# East Cape Black Ops Evo



## Str8-Six (Jul 6, 2015)

Heard it from a birdie that East Cape is coming out with a Carbon Evo. Happy New Year!


----------



## prinjm6 (May 13, 2015)

Lol...not quite. But you could always have gotten a carbon Evo. I'm sure once the info is out the other builders are going to follow suit though, dropping 70-100lbs from a skiff without changing the layup or charging the customer more $.


----------



## new2theflats (Jul 31, 2019)

What prinjm6 is referring to is called the Black Ops Package (no extra cost) and as he says offers a significant weight savings for those looking for a lighter build.


----------



## B_ONE (Nov 29, 2018)

what is the disadvantage of this build if no extra cost?


----------



## Fishshoot (Oct 26, 2017)

B_ONE said:


> what is the disadvantage of this build if no extra cost?

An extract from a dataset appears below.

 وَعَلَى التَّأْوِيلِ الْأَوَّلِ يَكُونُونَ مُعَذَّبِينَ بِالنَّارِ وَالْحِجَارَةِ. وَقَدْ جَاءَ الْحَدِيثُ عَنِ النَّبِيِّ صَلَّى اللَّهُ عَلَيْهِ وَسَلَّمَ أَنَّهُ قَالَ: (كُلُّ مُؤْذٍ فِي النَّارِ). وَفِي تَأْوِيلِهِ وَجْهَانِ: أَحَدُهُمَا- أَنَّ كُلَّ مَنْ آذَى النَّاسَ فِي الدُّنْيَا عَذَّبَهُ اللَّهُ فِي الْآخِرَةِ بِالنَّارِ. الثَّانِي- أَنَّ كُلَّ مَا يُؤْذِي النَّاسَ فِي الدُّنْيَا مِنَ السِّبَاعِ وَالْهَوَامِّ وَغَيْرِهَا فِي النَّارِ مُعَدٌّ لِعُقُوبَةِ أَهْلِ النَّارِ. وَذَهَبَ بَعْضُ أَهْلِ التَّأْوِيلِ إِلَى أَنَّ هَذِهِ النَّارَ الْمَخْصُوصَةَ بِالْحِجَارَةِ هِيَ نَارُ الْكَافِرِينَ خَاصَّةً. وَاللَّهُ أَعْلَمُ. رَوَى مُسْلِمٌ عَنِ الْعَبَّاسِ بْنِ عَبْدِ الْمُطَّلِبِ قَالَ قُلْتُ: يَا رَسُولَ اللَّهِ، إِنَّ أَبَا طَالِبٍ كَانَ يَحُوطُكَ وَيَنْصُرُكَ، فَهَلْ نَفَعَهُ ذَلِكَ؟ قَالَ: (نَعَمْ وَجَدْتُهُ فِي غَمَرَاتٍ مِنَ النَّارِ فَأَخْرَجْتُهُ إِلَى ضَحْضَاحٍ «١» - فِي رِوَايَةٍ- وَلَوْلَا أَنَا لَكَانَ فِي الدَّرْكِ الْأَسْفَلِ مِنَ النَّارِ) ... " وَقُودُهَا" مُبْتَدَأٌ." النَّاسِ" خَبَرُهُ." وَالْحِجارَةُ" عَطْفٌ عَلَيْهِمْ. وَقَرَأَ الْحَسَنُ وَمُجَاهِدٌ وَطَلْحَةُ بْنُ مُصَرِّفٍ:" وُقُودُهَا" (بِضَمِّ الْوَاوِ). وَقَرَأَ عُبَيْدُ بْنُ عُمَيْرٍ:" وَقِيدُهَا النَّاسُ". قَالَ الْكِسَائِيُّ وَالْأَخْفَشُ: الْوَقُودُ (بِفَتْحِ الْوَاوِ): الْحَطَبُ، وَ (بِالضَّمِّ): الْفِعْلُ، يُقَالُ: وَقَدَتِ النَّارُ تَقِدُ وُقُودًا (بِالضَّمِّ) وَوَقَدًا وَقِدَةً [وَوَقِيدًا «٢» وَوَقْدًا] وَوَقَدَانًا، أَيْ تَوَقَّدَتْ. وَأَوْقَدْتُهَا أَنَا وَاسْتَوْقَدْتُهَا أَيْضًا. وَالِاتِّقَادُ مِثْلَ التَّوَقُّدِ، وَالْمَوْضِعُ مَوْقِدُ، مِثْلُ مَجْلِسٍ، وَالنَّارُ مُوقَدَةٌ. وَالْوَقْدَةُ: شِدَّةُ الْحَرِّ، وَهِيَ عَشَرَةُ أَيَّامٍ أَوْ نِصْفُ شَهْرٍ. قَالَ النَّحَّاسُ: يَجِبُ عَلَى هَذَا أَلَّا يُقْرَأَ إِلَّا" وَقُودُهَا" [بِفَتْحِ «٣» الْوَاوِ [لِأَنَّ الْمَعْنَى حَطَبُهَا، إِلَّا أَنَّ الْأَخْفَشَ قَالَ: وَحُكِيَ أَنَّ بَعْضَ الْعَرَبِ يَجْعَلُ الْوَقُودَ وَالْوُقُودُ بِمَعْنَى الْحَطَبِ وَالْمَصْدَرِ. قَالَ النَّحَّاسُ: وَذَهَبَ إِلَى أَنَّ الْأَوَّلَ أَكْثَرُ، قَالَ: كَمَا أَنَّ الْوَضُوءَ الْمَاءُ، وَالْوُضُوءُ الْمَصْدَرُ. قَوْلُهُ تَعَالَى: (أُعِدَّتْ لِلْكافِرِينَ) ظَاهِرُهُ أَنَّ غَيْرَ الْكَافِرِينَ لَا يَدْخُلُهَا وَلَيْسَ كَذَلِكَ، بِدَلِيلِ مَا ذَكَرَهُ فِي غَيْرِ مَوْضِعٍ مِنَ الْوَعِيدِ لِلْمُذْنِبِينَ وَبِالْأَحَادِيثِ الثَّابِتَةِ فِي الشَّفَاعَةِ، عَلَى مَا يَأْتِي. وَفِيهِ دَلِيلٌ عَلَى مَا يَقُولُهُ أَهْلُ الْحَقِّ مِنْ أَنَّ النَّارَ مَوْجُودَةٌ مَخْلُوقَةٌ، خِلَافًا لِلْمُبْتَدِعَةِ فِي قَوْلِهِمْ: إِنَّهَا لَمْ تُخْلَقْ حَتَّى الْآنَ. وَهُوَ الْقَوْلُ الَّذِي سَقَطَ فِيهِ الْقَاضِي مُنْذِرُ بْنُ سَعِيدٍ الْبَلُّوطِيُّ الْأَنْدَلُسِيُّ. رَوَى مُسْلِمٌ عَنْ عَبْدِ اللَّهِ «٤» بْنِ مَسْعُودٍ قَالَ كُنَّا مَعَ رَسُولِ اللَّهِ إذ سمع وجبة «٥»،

Yes I do not understand Why someone wouldn’t do it, seems odd to offer as an option. Chittum uses some carbon on all builds and then has two optional carbon packages that further reduce weight and increase cost.


----------



## new2theflats (Jul 31, 2019)

Well you’ve got early adopters, main stream folks, and late adopters for everything. And you’ve got folks that are averse to change. And there’s probably folks that don’t need a lighter boat, and some that actually want a heavier boat for a better ride in rough water.


----------



## Stevie (Jun 27, 2017)

In my experience, extra weight doesn’t improve ride. 

Happy 2020!


----------



## B_ONE (Nov 29, 2018)

I think that heavier weight improves ride at the extreme spectrum (think regulator center consoles vs contender). 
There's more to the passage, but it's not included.